Could you set down the lines below, from the one containing "Gdańsk, NCK ul." through the final line, exactly as written?

[Start of section]

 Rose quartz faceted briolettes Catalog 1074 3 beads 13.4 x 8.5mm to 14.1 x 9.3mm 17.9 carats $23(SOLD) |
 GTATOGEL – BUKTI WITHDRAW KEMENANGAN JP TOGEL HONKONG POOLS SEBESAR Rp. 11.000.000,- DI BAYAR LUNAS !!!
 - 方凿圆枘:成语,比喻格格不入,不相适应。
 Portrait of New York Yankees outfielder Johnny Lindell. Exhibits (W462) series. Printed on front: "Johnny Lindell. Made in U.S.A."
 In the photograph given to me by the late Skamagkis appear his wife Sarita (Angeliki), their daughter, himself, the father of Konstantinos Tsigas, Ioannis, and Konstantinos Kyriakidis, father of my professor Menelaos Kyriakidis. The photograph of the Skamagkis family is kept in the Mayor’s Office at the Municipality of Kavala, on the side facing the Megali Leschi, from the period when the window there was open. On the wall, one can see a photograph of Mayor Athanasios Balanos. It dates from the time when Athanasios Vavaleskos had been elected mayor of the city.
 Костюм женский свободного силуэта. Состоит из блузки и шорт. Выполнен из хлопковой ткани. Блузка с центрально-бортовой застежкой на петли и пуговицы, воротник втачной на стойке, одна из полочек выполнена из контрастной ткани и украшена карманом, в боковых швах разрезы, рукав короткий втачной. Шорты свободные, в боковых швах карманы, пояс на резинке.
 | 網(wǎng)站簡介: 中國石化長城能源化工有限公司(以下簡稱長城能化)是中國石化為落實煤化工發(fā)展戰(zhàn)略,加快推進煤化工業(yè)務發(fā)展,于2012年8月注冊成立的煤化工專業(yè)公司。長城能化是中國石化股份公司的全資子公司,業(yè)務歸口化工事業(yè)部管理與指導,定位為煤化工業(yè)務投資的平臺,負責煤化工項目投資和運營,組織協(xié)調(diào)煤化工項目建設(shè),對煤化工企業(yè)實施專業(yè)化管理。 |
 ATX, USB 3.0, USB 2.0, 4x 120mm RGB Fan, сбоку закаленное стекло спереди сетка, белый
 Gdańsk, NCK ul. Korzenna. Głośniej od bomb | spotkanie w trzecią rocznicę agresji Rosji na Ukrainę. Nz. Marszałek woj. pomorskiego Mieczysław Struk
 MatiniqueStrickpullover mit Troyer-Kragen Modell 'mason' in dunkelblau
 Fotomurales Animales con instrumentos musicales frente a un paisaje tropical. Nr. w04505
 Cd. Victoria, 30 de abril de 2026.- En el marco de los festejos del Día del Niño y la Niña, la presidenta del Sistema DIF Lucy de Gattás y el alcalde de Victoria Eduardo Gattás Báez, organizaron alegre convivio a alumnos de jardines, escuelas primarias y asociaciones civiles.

[End of section]

* TASK RESULT
 Gdańsk, NCK ul. Korzenna. Głośniej od bomb | spotkanie w trzecią rocznicę agresji Rosji na Ukrainę. Nz. Marszałek woj. pomorskiego Mieczysław Struk
 MatiniqueStrickpullover mit Troyer-Kragen Modell 'mason' in dunkelblau
 Fotomurales Animales con instrumentos musicales frente a un paisaje tropical. Nr. w04505
 Cd. Victoria, 30 de abril de 2026.- En el marco de los festejos del Día del Niño y la Niña, la presidenta del Sistema DIF Lucy de Gattás y el alcalde de Victoria Eduardo Gattás Báez, organizaron alegre convivio a alumnos de jardines, escuelas primarias y asociaciones civiles.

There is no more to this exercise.